After I put out the last post, Mikkel Gjoel (@pixelmager), made an interesting observation that you can see summarized in his image below. (tweet / thread here)

BTW Mikkel has an amazing presentation about rendering the beautiful game “Inside” that you should check out. Lots of interesting techniques used, including some enlightening uses of noise.
Low Complexity, High Fidelity: The Rendering of INSIDE

The images left to right are:

• One frame of white noise
• N frames of white noise averaged.
• N frames averaged where the first frame is white noise, and a per frame random number is added to all pixels every frame.
• N frames averaged where the first frame is white noise, and 1/N is added to all pixels every frame.
• N frames averaged where the first frame is white noise, and the golden ratio is added to all pixels every frame.

In the above, the smoother and closer to middle grey that an image is, the better it is – that means it converged to the true result of the integral better.

Surprisingly it looks like adding 1/N outperforms the golden ratio, which means that regular spaced samples are outperforming a low discrepancy sequence!

To compare apples to apples, we’ll do the “golden ratio” tests we did last post, but instead do them with adding this uniform value instead.

To be explicit, there are 8 frames and they are:

• Frame 0: The noise
• Frame 1: The noise + 1/8
• Frame 2: The noise + 2/8
• Frame 7: the noise + 7/8

Modulus is used to keep the values between 0 and 1.

Below is how white noise looks animated with golden ratio (top) vs uniform values (bottom).

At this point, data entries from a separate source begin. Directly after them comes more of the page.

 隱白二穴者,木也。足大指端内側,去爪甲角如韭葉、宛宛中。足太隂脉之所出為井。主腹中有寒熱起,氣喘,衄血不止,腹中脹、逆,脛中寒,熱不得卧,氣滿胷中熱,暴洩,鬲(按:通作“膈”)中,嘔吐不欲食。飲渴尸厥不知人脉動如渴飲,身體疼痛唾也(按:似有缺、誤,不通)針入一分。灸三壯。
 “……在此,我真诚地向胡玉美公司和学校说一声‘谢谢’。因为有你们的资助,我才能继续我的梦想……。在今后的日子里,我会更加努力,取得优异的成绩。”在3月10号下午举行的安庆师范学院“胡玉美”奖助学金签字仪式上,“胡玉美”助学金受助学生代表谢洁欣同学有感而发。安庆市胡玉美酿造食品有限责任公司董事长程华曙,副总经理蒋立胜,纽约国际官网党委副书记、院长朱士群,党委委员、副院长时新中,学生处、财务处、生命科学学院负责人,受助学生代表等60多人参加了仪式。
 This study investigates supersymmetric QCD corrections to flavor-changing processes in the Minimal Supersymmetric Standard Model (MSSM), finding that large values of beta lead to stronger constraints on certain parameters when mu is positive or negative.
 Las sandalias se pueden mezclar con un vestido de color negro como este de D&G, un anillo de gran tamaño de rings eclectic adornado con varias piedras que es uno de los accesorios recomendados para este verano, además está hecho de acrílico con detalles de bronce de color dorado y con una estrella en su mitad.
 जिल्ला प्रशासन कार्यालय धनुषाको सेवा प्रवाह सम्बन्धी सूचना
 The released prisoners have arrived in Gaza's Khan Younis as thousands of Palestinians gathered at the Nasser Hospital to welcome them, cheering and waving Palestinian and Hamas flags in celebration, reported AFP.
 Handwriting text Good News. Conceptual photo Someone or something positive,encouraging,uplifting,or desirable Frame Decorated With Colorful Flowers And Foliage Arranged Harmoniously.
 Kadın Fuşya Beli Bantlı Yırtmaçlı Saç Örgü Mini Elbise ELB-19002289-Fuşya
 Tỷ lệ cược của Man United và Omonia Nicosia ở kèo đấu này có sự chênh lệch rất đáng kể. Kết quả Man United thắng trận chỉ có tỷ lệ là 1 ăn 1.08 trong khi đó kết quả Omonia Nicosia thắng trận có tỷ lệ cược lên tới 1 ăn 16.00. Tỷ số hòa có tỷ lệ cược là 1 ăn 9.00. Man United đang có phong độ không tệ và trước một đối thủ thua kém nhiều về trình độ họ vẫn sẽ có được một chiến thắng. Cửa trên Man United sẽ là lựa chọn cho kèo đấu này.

There are 8 frames and it’s played at 8fps so it loops every second.

Interleaved Gradient Noise. Top is golden ratio, bottom is uniform.

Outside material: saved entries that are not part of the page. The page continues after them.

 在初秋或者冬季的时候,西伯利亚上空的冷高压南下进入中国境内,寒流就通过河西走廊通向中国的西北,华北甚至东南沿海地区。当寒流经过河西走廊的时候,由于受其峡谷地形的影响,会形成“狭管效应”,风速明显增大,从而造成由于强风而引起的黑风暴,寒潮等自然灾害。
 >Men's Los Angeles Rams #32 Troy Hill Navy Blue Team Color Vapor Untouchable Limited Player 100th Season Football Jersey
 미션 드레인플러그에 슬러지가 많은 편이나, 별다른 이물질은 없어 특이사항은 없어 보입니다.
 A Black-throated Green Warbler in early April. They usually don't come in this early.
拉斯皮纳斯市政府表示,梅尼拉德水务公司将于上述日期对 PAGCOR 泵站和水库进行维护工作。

Blue Noise. Top is golden ratio, bottom is uniform.

The uniform ones look pretty similar. Maybe a little smoother, but it’s hard to tell by just looking at it. Interestingly, the frequency content of the blue noise seems more stable using these uniform values instead of golden ratio.

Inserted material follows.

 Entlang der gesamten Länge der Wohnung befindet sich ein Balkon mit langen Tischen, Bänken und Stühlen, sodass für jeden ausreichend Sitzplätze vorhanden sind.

The histogram data of the noise was the same for all frames of animation, just like in last post, which is a good thing. The important bit is that adding a uniform value doesn’t modify the histogram shape, other than changing which counts go to which specific buckets. Ideally the histogram would start out perfectly even like the blue noise does, but since this post is about the “adding uniform values” process, and not about the starting noise, this shows that the process does the right thing with the histogram.

• White Noise – min 213, max 306, average 256, std dev 16.51
• Interleaved Gradient Noise – min 245, max 266, average 256, std dev 2.87
• Blue Noise – min, max, average are 256, std dev 0.

Let’s look at the integrated animations.

White noise. Top is golden ratio, bottom is uniform.

Interleaved gradient noise. Top is golden ratio, bottom is uniform.

Blue noise. Top is golden ratio, bottom is uniform.

The differences between these animations are subtle unless you know what you are looking for specifically so let’s check out the final frames and the error graphs.

Each noise comparison below has three images. The first image is the “naive” way to animate the noise. The second uses golden ratio instead. The third one uses 1/N. The first two images (and techniques) are from (and explained in) the last post, and the third image is the technique from this post.

White noise. Naive (top), golden ratio (mid), uniform (bottom).

Interleaved gradient noise. Naive (top), golden ratio (mid), uniform (bottom).

Blue noise. Naive (top), golden ratio (mid), uniform (bottom).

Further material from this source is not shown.